TASK TO CARRY OUT:
What is needed is an exact copy of the lines from the one containing "昨天外卖的pizza,意大利" through the last line of the records below, with no pictures.

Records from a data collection
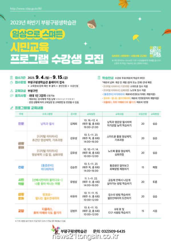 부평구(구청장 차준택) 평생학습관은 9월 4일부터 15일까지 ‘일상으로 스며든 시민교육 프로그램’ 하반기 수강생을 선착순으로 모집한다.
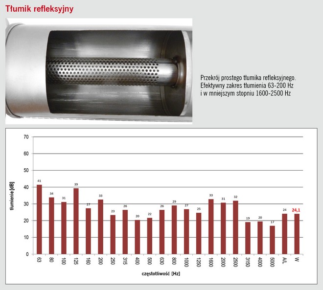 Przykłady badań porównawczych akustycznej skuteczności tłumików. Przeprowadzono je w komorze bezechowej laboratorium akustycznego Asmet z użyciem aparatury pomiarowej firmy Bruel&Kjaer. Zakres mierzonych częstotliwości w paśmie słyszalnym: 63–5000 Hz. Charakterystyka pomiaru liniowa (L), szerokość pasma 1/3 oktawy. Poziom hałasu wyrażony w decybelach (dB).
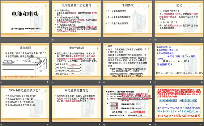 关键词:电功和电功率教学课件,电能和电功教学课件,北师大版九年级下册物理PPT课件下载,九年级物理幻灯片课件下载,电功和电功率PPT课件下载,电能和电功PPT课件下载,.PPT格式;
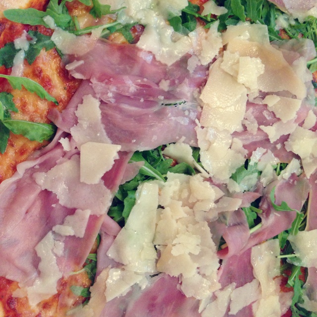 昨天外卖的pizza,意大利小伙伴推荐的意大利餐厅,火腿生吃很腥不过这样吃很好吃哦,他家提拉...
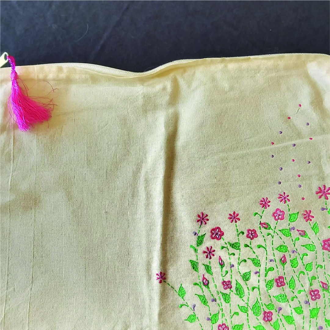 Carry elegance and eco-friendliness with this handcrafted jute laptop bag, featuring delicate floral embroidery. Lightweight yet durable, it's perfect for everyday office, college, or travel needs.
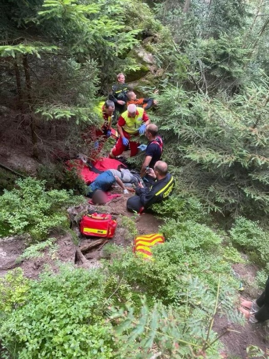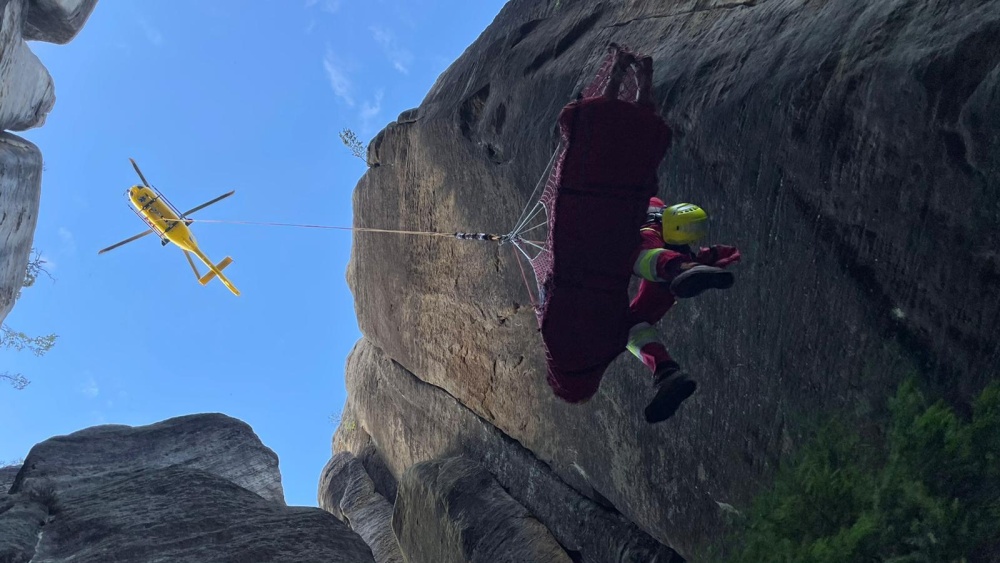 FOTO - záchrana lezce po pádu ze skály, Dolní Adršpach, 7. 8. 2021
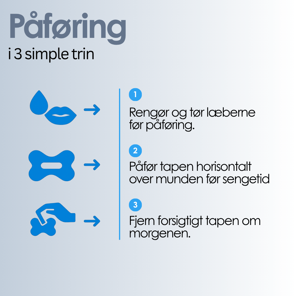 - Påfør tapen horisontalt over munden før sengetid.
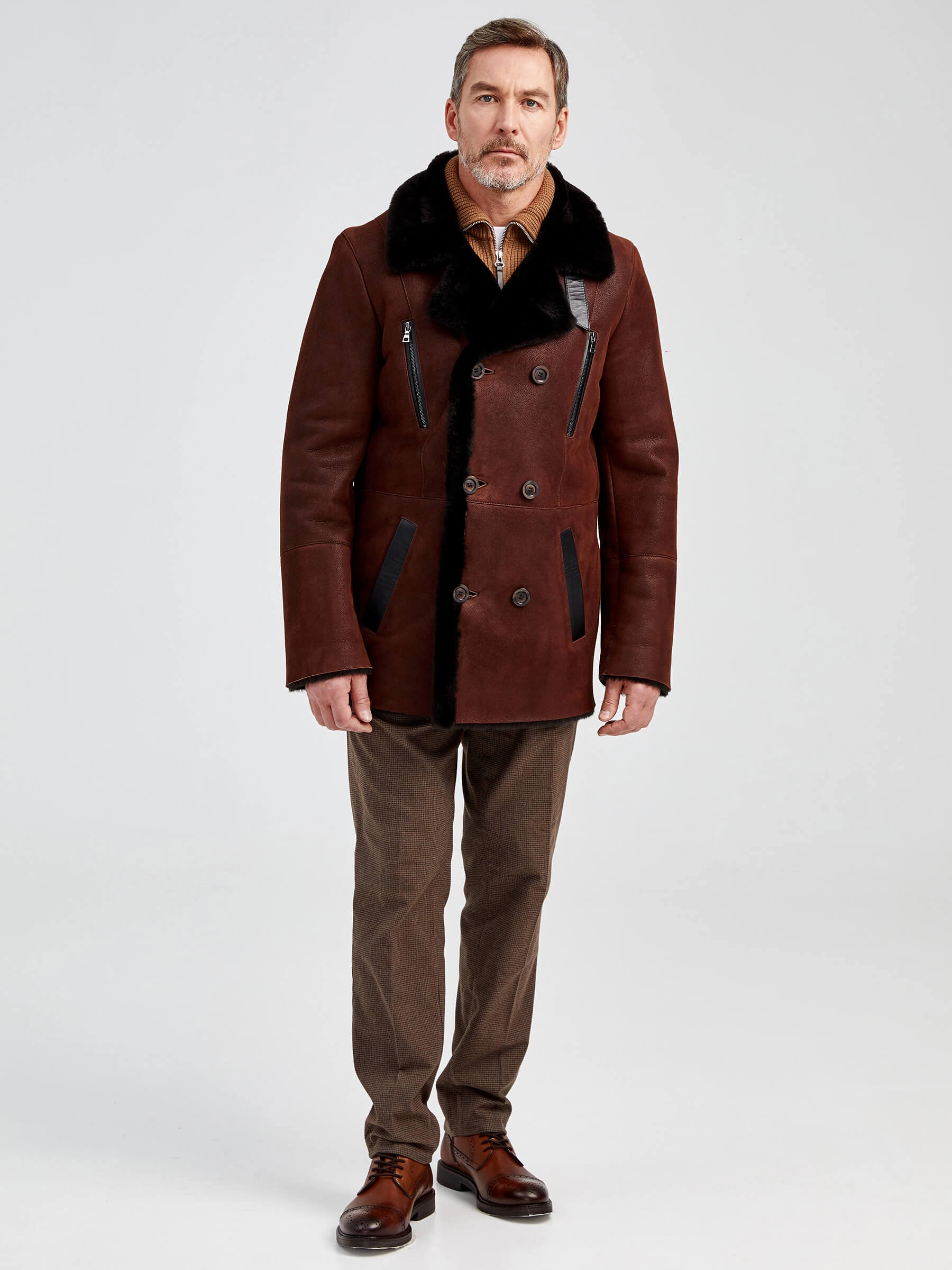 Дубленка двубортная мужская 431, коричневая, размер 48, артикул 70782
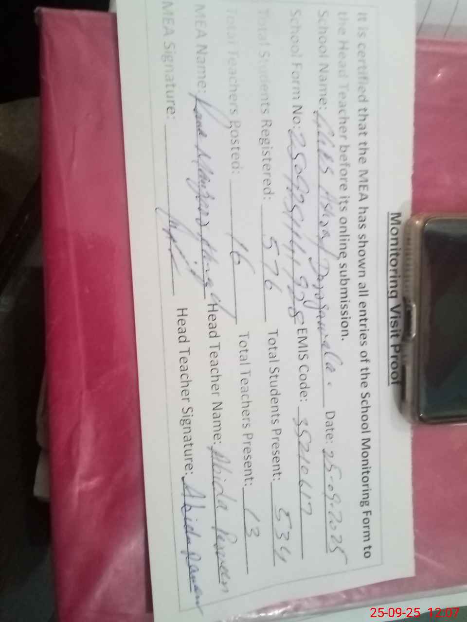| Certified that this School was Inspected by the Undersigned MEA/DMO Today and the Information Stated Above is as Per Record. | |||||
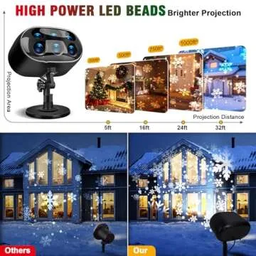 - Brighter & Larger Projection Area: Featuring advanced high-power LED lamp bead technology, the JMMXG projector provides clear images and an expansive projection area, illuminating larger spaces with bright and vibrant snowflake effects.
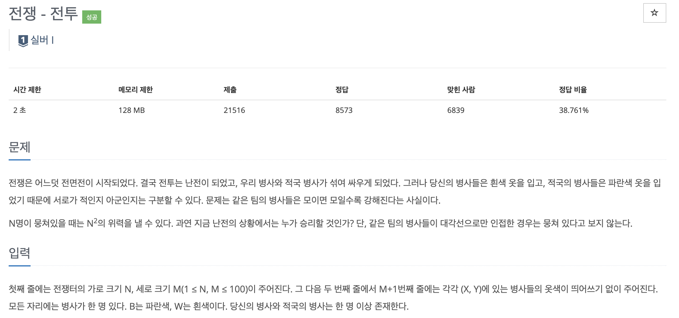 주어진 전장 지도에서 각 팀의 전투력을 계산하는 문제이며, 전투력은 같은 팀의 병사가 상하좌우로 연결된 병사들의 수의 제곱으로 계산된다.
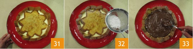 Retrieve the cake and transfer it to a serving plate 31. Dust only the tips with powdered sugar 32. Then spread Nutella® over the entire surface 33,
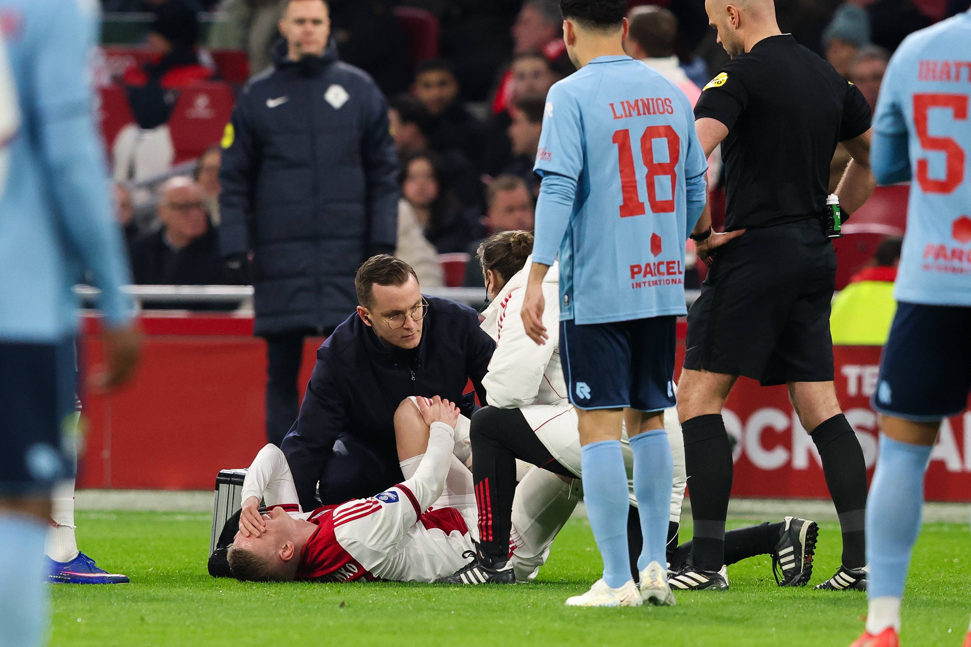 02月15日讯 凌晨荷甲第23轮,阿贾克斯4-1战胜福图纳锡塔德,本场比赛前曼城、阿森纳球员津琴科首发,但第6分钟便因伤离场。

THE COMPLETED TASK:
 昨天外卖的pizza,意大利小伙伴推荐的意大利餐厅,火腿生吃很腥不过这样吃很好吃哦,他家提拉...
 Carry elegance and eco-friendliness with this handcrafted jute laptop bag, featuring delicate floral embroidery. Lightweight yet durable, it's perfect for everyday office, college, or travel needs.
 FOTO - záchrana lezce po pádu ze skály, Dolní Adršpach, 7. 8. 2021
 - Påfør tapen horisontalt over munden før sengetid.
 Дубленка двубортная мужская 431, коричневая, размер 48, артикул 70782
| Certified that this School was Inspected by the Undersigned MEA/DMO Today and the Information Stated Above is as Per Record. | |||||
 - Brighter & Larger Projection Area: Featuring advanced high-power LED lamp bead technology, the JMMXG projector provides clear images and an expansive projection area, illuminating larger spaces with bright and vibrant snowflake effects.
 주어진 전장 지도에서 각 팀의 전투력을 계산하는 문제이며, 전투력은 같은 팀의 병사가 상하좌우로 연결된 병사들의 수의 제곱으로 계산된다.
 Retrieve the cake and transfer it to a serving plate 31. Dust only the tips with powdered sugar 32. Then spread Nutella® over the entire surface 33,
 02月15日讯 凌晨荷甲第23轮,阿贾克斯4-1战胜福图纳锡塔德,本场比赛前曼城、阿森纳球员津琴科首发,但第6分钟便因伤离场。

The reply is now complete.